Nun, wir haben beantragt, dass Nummer 12 von M. als K.s Lebenspartnerin adoptiert wird und so steht das auch im Gerichtsbeschluss. Mittlerweile führen wir aber keine Lebenspartnerschaft, sondern eine Ehe. Das Standesamt sieht sich nun nicht in der Lage, M. ins Geburtenregister einzutragen, weil unsere Lebenspartnerschaft nicht mehr existiert und deshalb dort nicht referenziert werden kann. An dieser Stelle auf unsere Ehe verweisen geht auch nicht, da diese nicht im Gerichtsbeschluss genannt ist. Eine Eintragung mit Referenz auf die Ehe käme laut der Person vom Standesamt einer eigenmächtigen Änderung des Gerichtsbeschlusses gleich, was nicht erlaubt ist, und eine Eintragung mit Referenz auf eine nicht mehr existente Lebenspartnerschaft ist nicht möglich. Zur Zeit weiß niemand, wie so ein Fall zu handhaben ist.
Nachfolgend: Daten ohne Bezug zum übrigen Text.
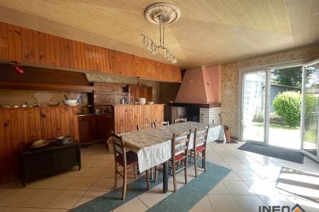 La maison construite dans les années 80 s'étend sur 210m² habitable et comprend une entrée, cuisine avec une cheminée, un WC.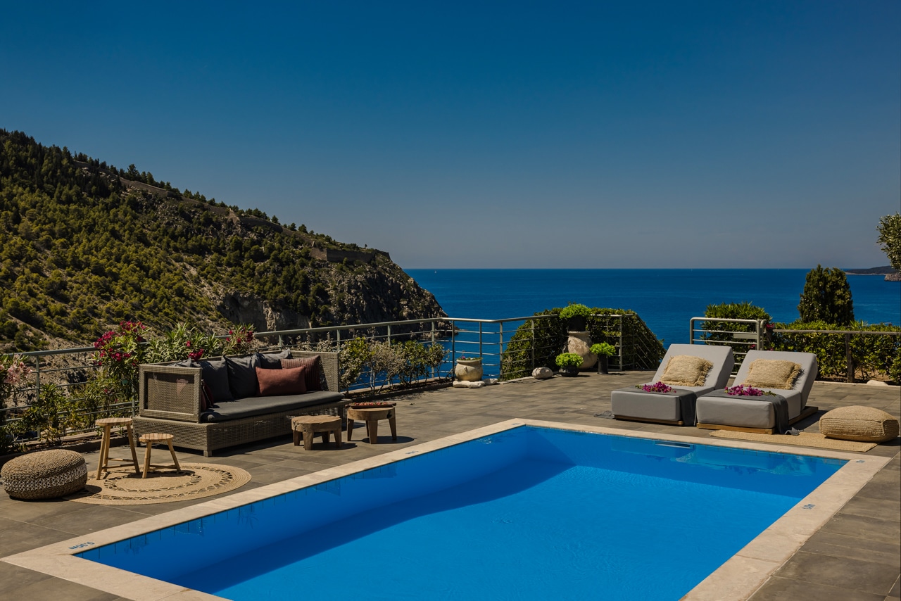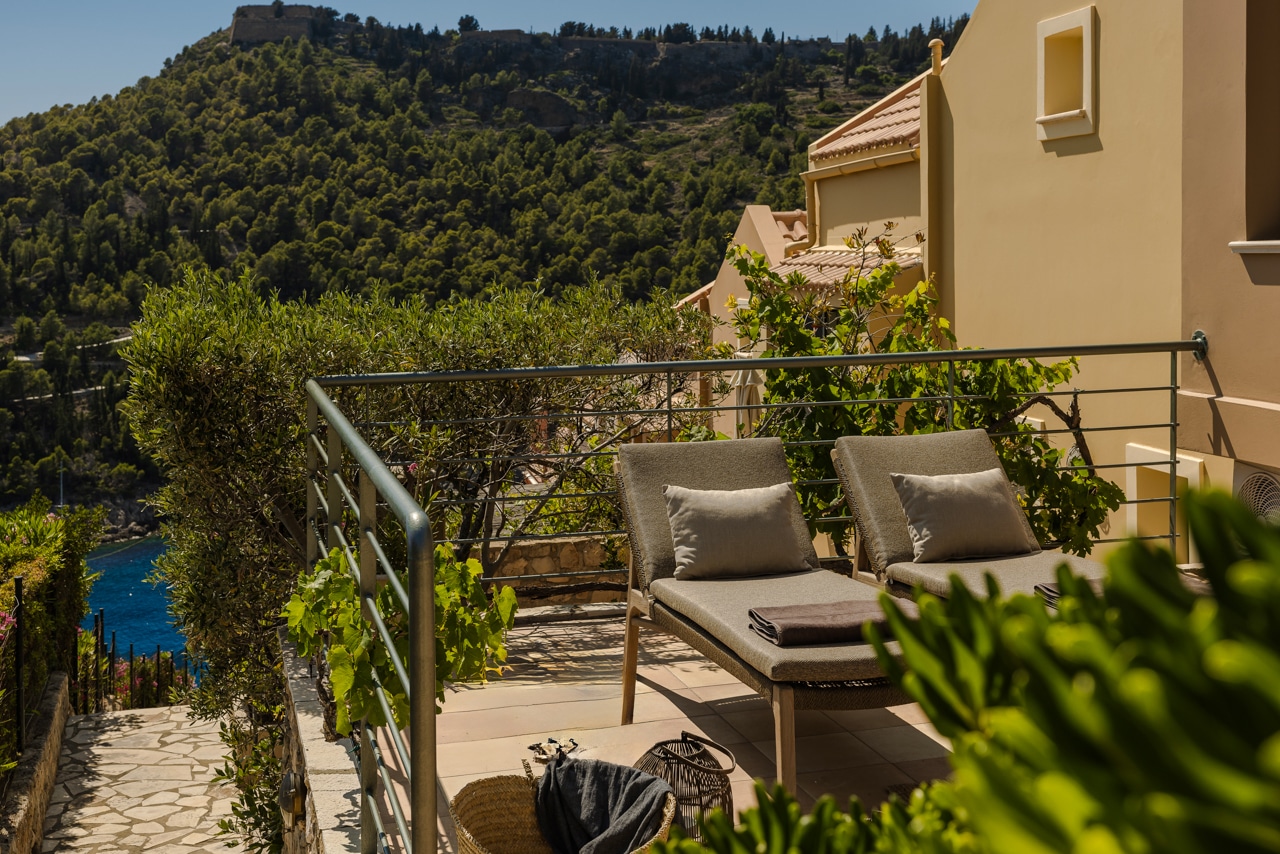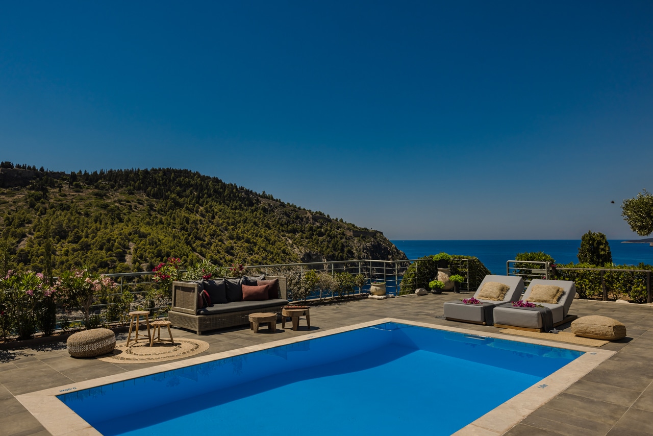A romantic two-bedroom villa for four with sweeping sea views over Assos Bay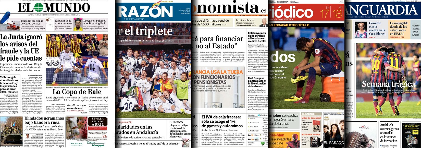 Portadas de los diarios ABC, La Razón, El Periódico, El Economista y La Vanguardia.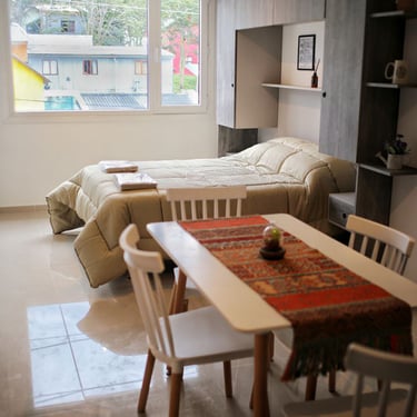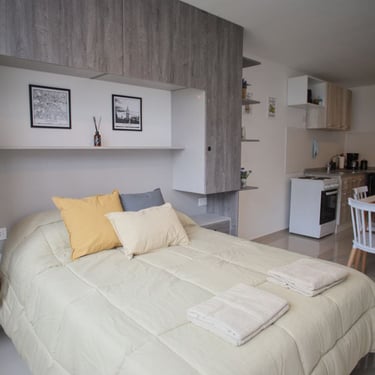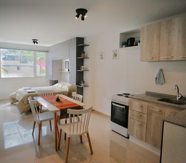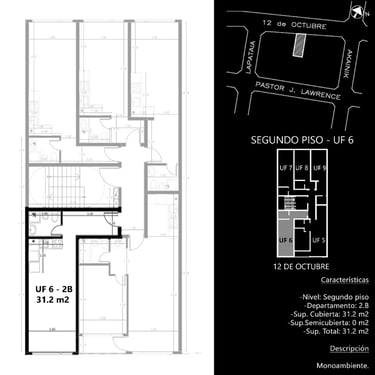 Departamento monoambiente en segundo piso, con baño completo y un total de 31,20 m2. Cuenta con una buena distribución del ambiente para aprovechar los espacios.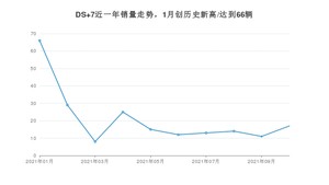 2021年10月,DS 7销量为17辆,同比增长54.55%,环比增长54.55%。1-10月份,DS 7销量为210辆,同比持平。在最近1年中,DS 7销量在2021年01月达到最高,销量为66辆。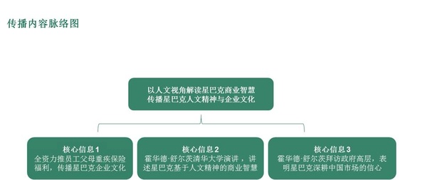 在本次一系列企业新闻事件中,通过定位星巴克品牌形象与消费者情感诉求的最大共鸣点——人文精神、人文关怀和以人为本,提炼传播项目的关键信息,策划传播节奏和渠道。以“全资力推员工父母重疾保险”新闻事件为契机,通过公司高层访华、拜访政府高层及高校演讲等系列新闻事件,有节奏、有策略地从员工关怀、深耕本土市场和品牌商业智慧等几大方面,拓展星巴克品牌与不同消费者的多元接触路径,建立情感共鸣,实现有价值的情感连接。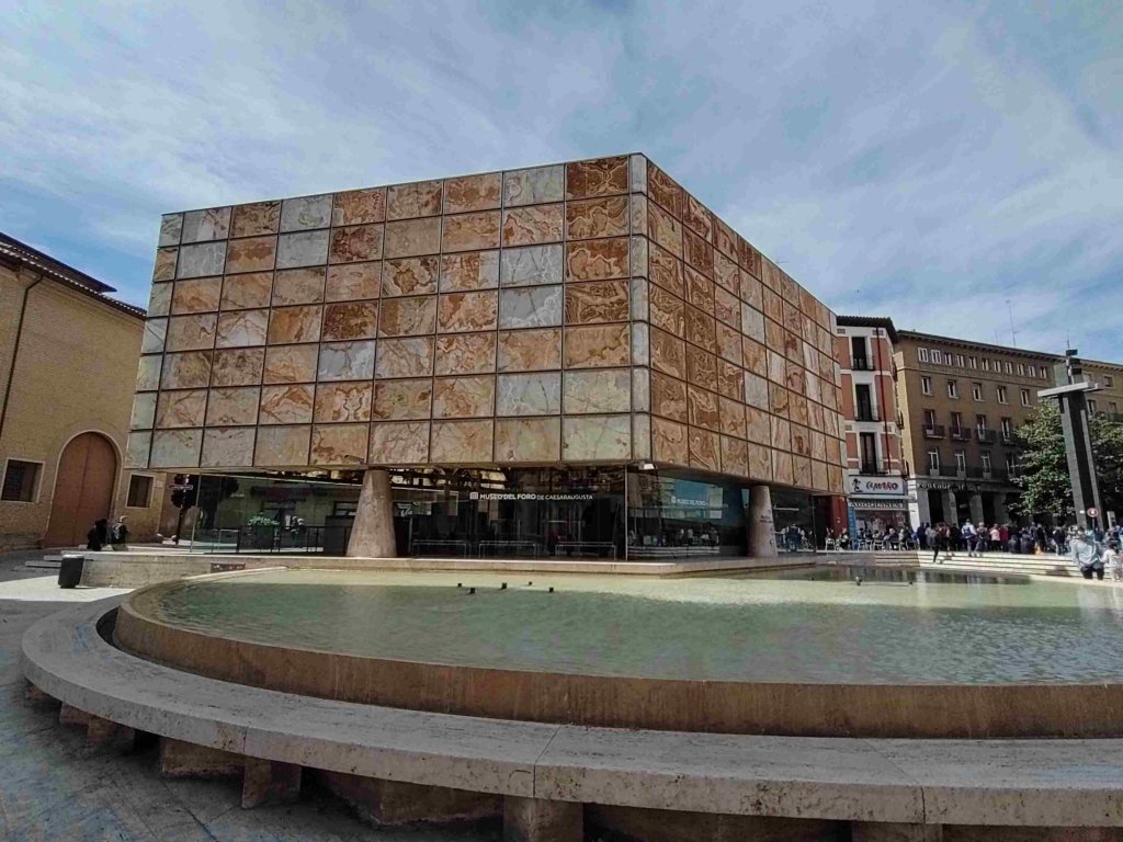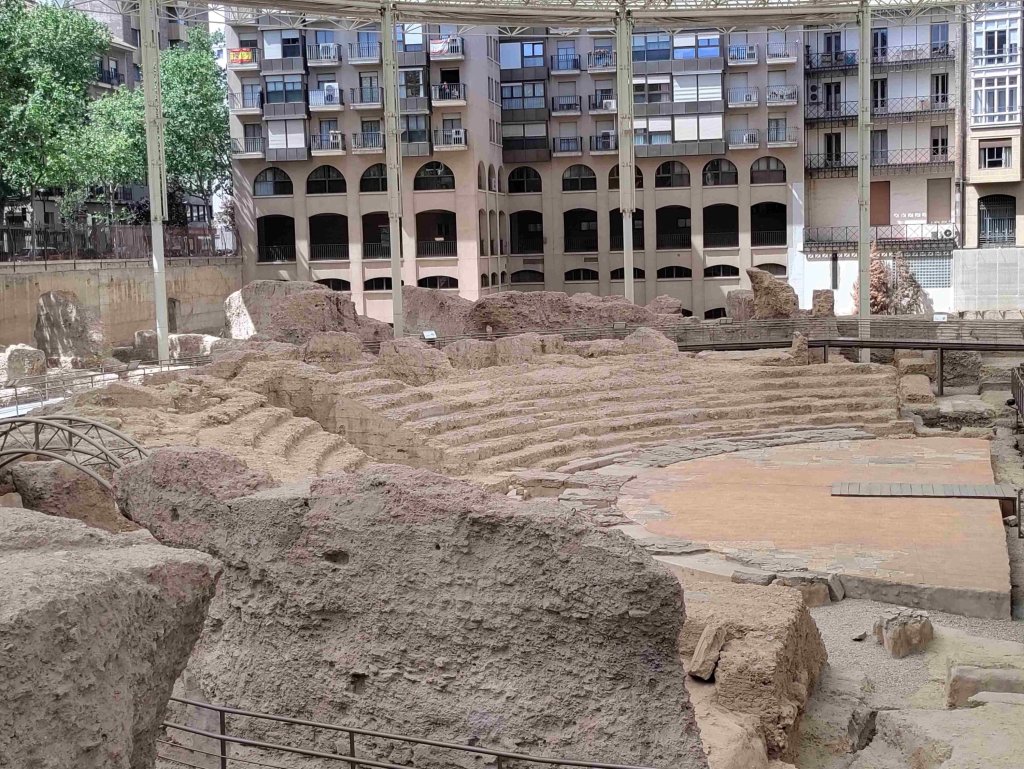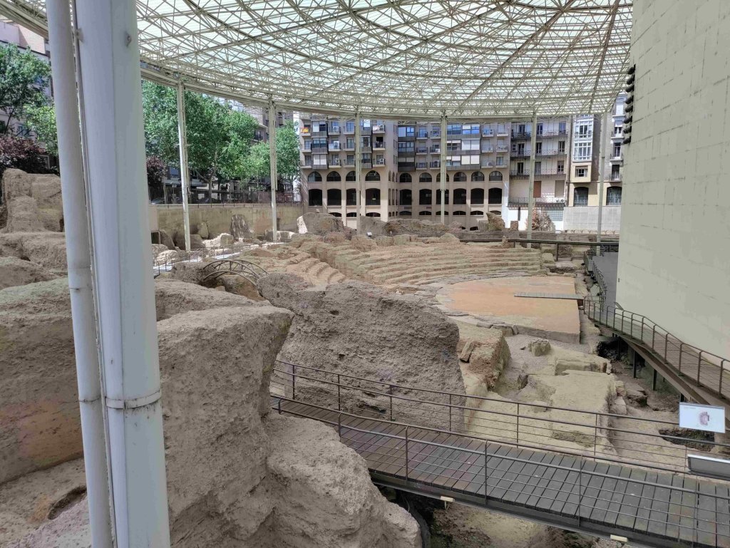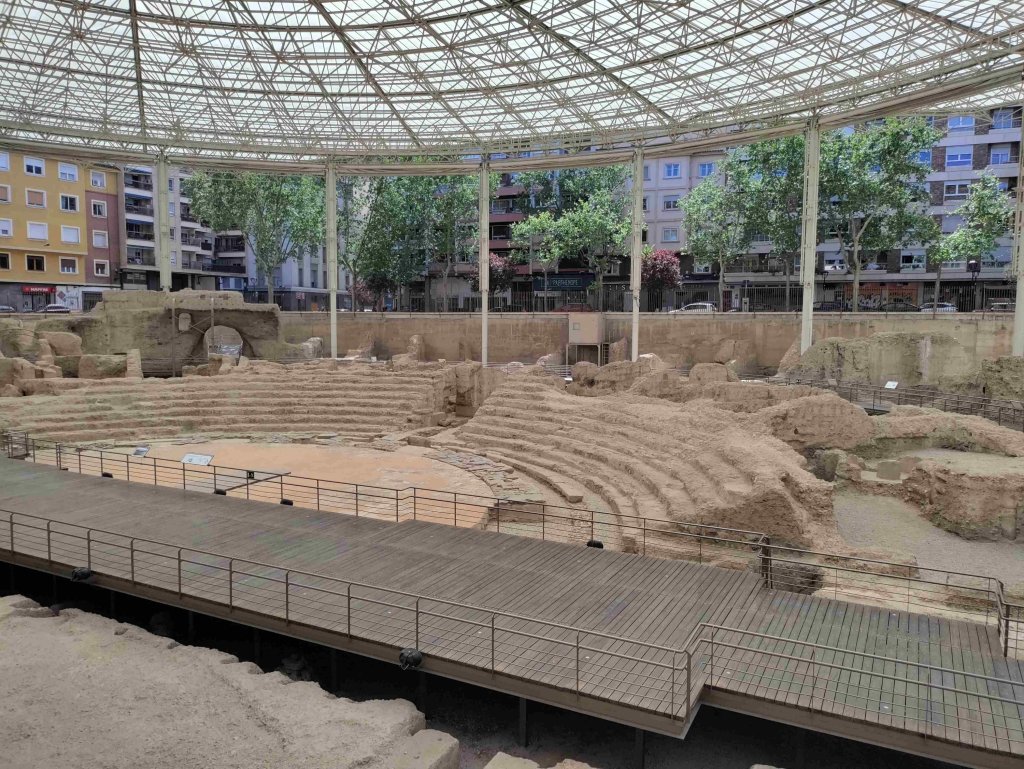 Hunting down somewhere to eat we walk down a sidestreet and notice a huge canopy which we find is protecting the remains of the Teatro de Caesaraugusta. It’s a Roman 6000 seat theatre from the 1st century AD, built in the Age of Tiberius and Claudius. It’s closed but we can peer through the bars and be wowed by the fact that it was only rediscovered in the 70’s.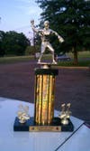 After the players posed for a team picture, each player received their own championship trophy. Assistant coach Scott Williams presented Patch with a trophy of our own, for the coverage and support.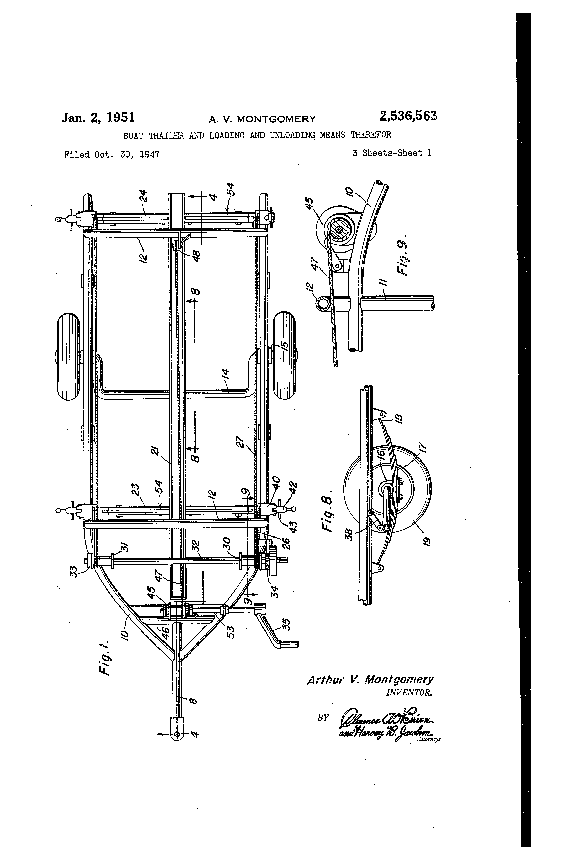 Patented Jan. 2, 1951 295369563 UNITED STATES PATENT OFFICE 2,536,563 BOAT TRAILER AND LOADING AND UNLOADING MEANS THEREFOR Arthur V. Montgoniery, Sinton, Tex. AppHeation October 30, 1947, Serial No. 783,045 8 Claims. (Cl. 214-65) 2 The present invention relates- to new and useful improvements in boat trailers and more particularly to means for loading and unloading a boat on the trailer. An important object of the present invention 5 is to provide a boat cradle including a full keel support for a boat to keep the keel from sagging while supported on the trailer. A further object of the invention is to provide means for raising and lowering the boat cradle 10 while loading and unloading the boat on the trailer. A stM further object of the invention is to provide winch means for sliding a boat onto the boat cradle for loading the boat thereon in shallow 15 water and also for sliding the boat off of the cradle for unloading the same into shallow water. A still further object is to provide a boat trailer of this character of simple and practical construction, which is strong and durable, efficient 20 and reliable in operation, relatively inexpensii?e to manufactu re a-nd otherwise well adapted for the purposes for which the same is intended. Other objects and advantages reside in the details of construction and operation as more fully 25 hereinafter described and ciaimed, reference being had to the accompanying drawings forming part hereof, wherein like numerals refer tD like Figure 2 is a side elevational view; Figure 3 is a rear elevational view; Figure 4 is a longitudinal sectional view taken on a line 4-4 of Mgure 1; Figure 5 is an enlarged fragmentary sectionai 35 view taken on a line 5-5 of Figure 2; Fligure 6 is a similar view taken on a line 6-6 of Flgure 2 and showing the locking means for the cradle lifting strap; Figure 7 is a side elevational view of the cradle 40 locking means; and, Figures 8 and 9 are fragmentary longitudinal sectional views taken respectively on the lines 8-8 and 9-9 of Mgure 1. Referring now to the draviings in detail wherein 45 for the purpose of illustration I have disclosed a preferred embodiment of the invention the numeral 5 designates the trailer fra-me generally and which is preferably constructed of longitudinally extending tubular frame members 6 converging .50 at their front ends as shown at 7 and provided with a tongue 8 for towing the trailer. Side rails 9 are forrned by bending the rear en& of thelongitudinal frame members 6 upwardly and for,wardly above said frame members and inclining t-he front ends of the rails to join with the frame members as shown at 10 and welding the same thereto. Posts I I supp(>rt the front and rear ends of the rails on the frame members. Inverted U-shaped cross frame members 12 have their lower ends welded to the rails 9 immediately above the posts I 1. A U-shaped or crank axle 14 is formed with outwardly extending ends 15 pivotally supported in spring saddles I 6 at the central portion of leaf springs 17 which have their ends secured to the underside of the frame member 6 by conventional shackles or brackets 18. The central portion of the axle 14 is swingable ver'Lically substantially in the arc of the outer periphery of wheels 19 journaled on the axle extensions 15 whereby the central portion of the axle may be lowered on the ground when loading a boat on the trailer. A boat cradle designated generally at 20 . ineludes a channel-shaped keel 21 extending longitudinally at the center of the frame 5, the front end of the keel support or seat 21 being curved keel support 21 and are welded or otherwise suitably secured thereto' To. the outer ends of the cross braces 23 and 24 are welded or othel-wise suitably secured the lower ends of metal lifting straps 25, the upper ends of the front and rear lifting straps having cable.% 126 and 27 attached respectively thereto and are trained over front and rear puileys 28 and 29 secured respectively to the front and rear portions of rails 9. The cables 26 and 27 at each side of the frame are attached to driuns 30 and 31 suitably secured to the opposite ends of a transverse shaft 32 for winding the cables on the drums. The shaft 32 s supported in bearings 33 suitably secured to th6 front ends of the side rails 9. The drum 30 at one end of the shaft-32 is pro@vided with a conventional pawl and ratchet riie6hanism 34 and t-he shaft is rotated by means@ of @ 6, parts throughout, and in which: 3. upwardly as shown at 22. Front and rear cross Flgure I is a top plan view; braces 23 and 24 extend transversely under the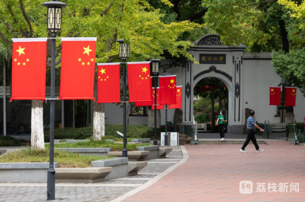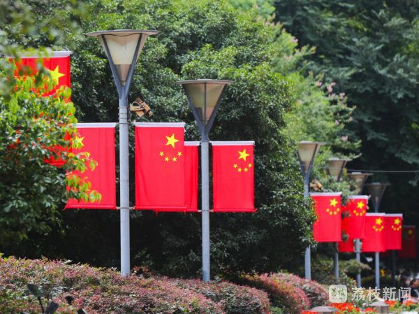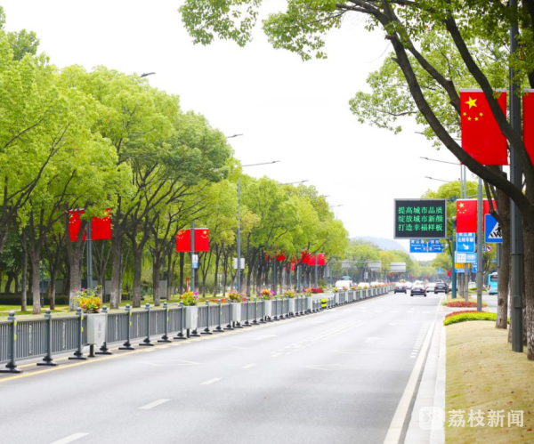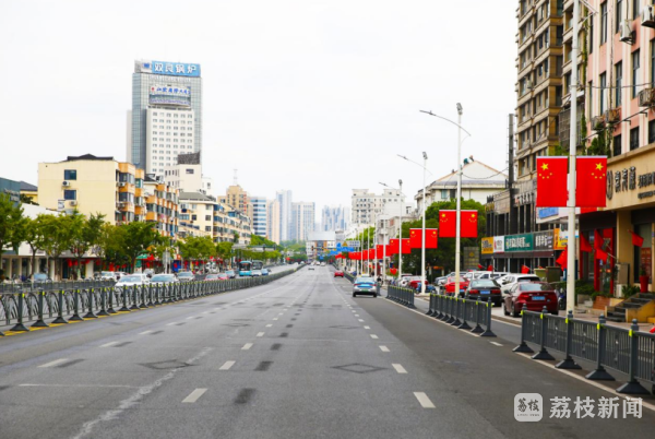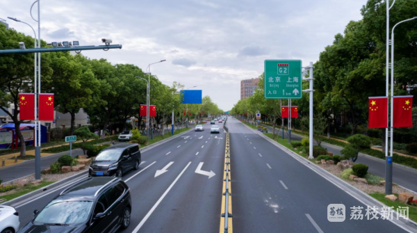 江阴主要交通道路两侧,纷纷挂起五星红旗,在绿树映衬下更显得熠熠生辉,一抹抹鲜艳的中国红,绘就国庆最美江阴风景线。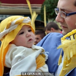 O la niña, qué más da, que se viste de hebreo, estrena la Semana Santa de Cabra. La primera luz del Domingo de Ramos es suya, y con su palma inunda de color nuestras calles y con su rama de olivo da un mensaje de paz y esperanza a todas las personas de buena voluntad. El niño que se viste de hebreo es el ojito derecho de la abuela, la baba caída del tito, el yerno perfecto para cualquier madre. Es el brillo de la mirada que a todos los cofrades de Cabra se le advierte cuando el domingo de pregón escuchan por fin "Cofradías Egabrenses".

Laut Person vom Standesamt wurde das in irgendeinem Ausschuss auf Bundesebene schon diskutiert, aber angeblich schon vor einem Monat und bislang gibt es keine Information, wie denn nun der Wortlaut im Geburtenregister sein soll. Unserer Meinung nach muss es wohl ähnlich wie auf unserer Eheurkunde einen Verweis auf die vorherige Lebenspartnerschaft geben, aber ohne Vorgabe von Bundesebene, wie der genaue Wortlaut sein soll, wird es keine Eintragung von M. ins Geburtenregister und damit keine Geburtsurkunde für Nummer 12 mit ihren beiden Eltern geben…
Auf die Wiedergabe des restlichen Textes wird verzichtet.